It is worth noting that most of the SARS-CoV-2-infected animals show asymptomatic to mild symptoms, which may often be ignored by farmers or owners, resulting in a widespread of the virus. Meanwhile, existing evidence shows that SARS-CoV-2 may have originated from bat coronavirus 40–70 years ago (Chaw et al., 2020; Forni et al., 2017; He and Chen, 2020), and SARS-CoV-2 appeared in Europe and America earlier than it was reported in Wuhan, China, which further confirms that SARS-CoV-2 formed or appeared in animals earlier than it appeared in humans and caused an outbreak. And we are sure that mutations of SARS-CoV-2 continue in animals and humans, although little progress has been reported on evaluating the recombinant rate of SARS-CoV-2 in animals. Therefore, continuous transmission, especially asymptomatic infection and superspreading events, will lead to many animals carrying the virus, which will transfer to more species and humans. Although experts predict that SARS-CoV-2 may become similar to other human coronaviruses causing the common cold and coexist with humans (Lavine et al., 2021), it will take a long time for the virus and humans to adapt to each other. Thus, monitoring SARS-CoV-2 in susceptible animals is still necessary before effective vaccines are widely used. People who contact animals should take necessary precautions, the hunting and consumption of wild animals should be permanently banned. More attention needs to be paid to the transmission of SARS-CoV-2 and its variants between humans and animals.

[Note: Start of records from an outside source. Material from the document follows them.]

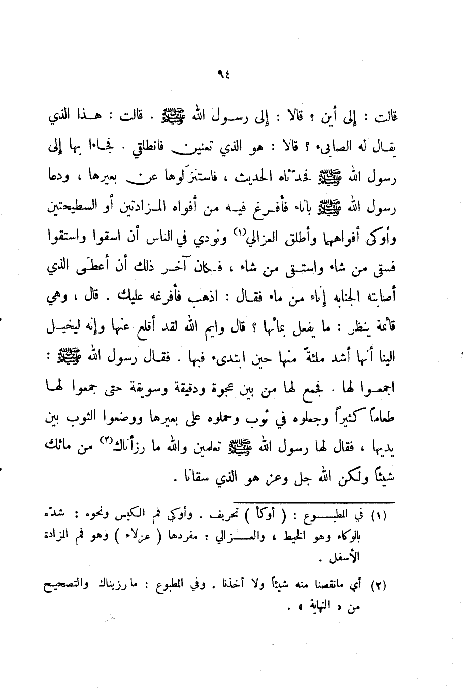 قالت إلى أين قالا إلى رسول الله صلى الله عليه و سلم قالت هذا الذي يقال له الصابىء قالا هو الذي تعنين فانطلقي فجاءا بها إلى رسول الله صلى الله عليه و سلم فحدثاه الحديث فاستنزلوها عن بعيرها ودعا رسول الله صلى الله عليه و سلم بإناء فأفرغ فيه من أفواه المزادتين أو السطيحتين وأوكى أفواههما وعلق العزالي ونودي في الناس أن اسقوا واستقوا فسقى من شاء واستقى من شاء فكان آخر ذلك أن أعطى الذي أصابته الجنابة إناء من ماء فقال اذهب فأفرغه عليك قال وهي قائمة ينظر ما يفعل بمائها قال وايم الله لقد أقلع عنها وإنه ليخيل إلينا أنها أشد ملئة منها حين إبتدىء فيها فقال رسول الله صلى الله عليه و سلم اجمعوا لها فجمع لها من بين عجوة ودقيقة وسويقة حتى جمعوا لها طعاما كثيرا وجعلوه في ثوب وحملوه على بعيرها ووضعوا الثوب بين يديها فقال لها رسول الله صلى الله عليه و سلم تعلمين والله ما رزأناك من مائك شيئا ولكن الله جل وعز هو الذي سقانا
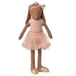 The well known Maileg bunny dressed up as a ballet dancer. Wearing a rose coloured suit, tulle skirt and ballet shoes. Measures 40cm in length.
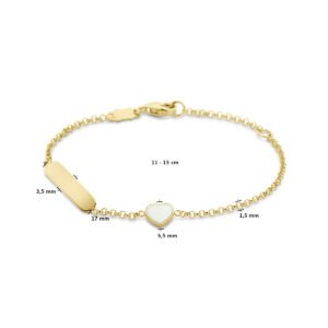 14k Geelgouden graveerarmband uitgevoerd met een parelmoer hart en een graveerplaat. De schakelbreedte is 1.5mm en is uitgevoerd met karabijnsluiting.
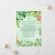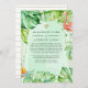 Summer reduced wedding guest list announcement featuring abundant tropical greenery, strelitzia flowers, a flamingo and a gold geometric frame. In these uncertain times, it can happen that you may have to hold a smaller wedding than originally planned. This announcement card will take away the awkwardness and take a load off your mind! You can furthermore provide an option to join you for a virtual ceremony.

3.2. SARS-CoV-2 variants affect the efficacy of the vaccine and therapeutic antibodies
It was reported that the human sera from people immunized with Pfizer BTN162b2 vaccine can neutralize three SARS-CoV-2 viruses containing key spike mutations, including N501Y, 69/70-deletion+N501Y + D614G, and E484K + N501Y + D614G, with neutralization geometric mean titers of 0.81–1.46 times of the parental virus (Xie et al., 2021). Furthermore, other vaccines, including BBIBP-CorV (Sinopharm) and CoronaVac (Sinovac) in China, mRNA-1273 vaccine (Moderna) in the United States, Sputnik-V vaccine in Russia, most of which are aimed at the viral spike or its RBD, have been granted emergency use authorization. However, the protective rate and effectiveness of each vaccine to different variants are distinct. It is unclear whether these vaccines are still effective against SARS-CoV-2 mutants continuously generated in the population because increasing evidence shows that SARS-CoV-2 Variants B.1.351 and B.1.1.7 are resistant to neutralizing antibodies in convalescent plasma and vaccinee sera (Chen et al., 2021; Wang et al., 2021a). Moreover, although inactivated vaccine contains all the viral components, it is not clear whether the inactivation process will affect the activity of the spike and the integrity of the virus. Besides, antibodies, such as Regeneron's REGN-COV2 cocktail (REGN10933 and REGN10987) and Eli Lilly's LY-CoV016 antibody can effectively neutralize the virus, however, viral mutations in the circulating strains can weaken the recognition mediated by the antibodies and polyclonal human serum (Andreano et al., 2020; Starr et al., 2021). These results suggest SARS-CoV-2 may escape human immune response via continuous genomic evolution by substitution in the viral RBD and/or deletion and insertion in N-terminal domain loops of the viral spike, especially in the immunocompromised host (Andreano et al., 2020; Clark et al., 2021; Starr et al., 2021). We previously also found pseudorabies virus can escape the inhibition mediated by CRISPR-Cas9 targeting a single site by substitution (Peng et al., 2016). Therefore, according to the experience of vaccines (such as influenza and HPV vaccines) that have been used in the form of multivalent vaccines, it is necessary to evaluate the effectiveness of current vaccines against SARS-CoV-2 variants, and update vaccines and therapeutic antibodies in time according to virus mutations.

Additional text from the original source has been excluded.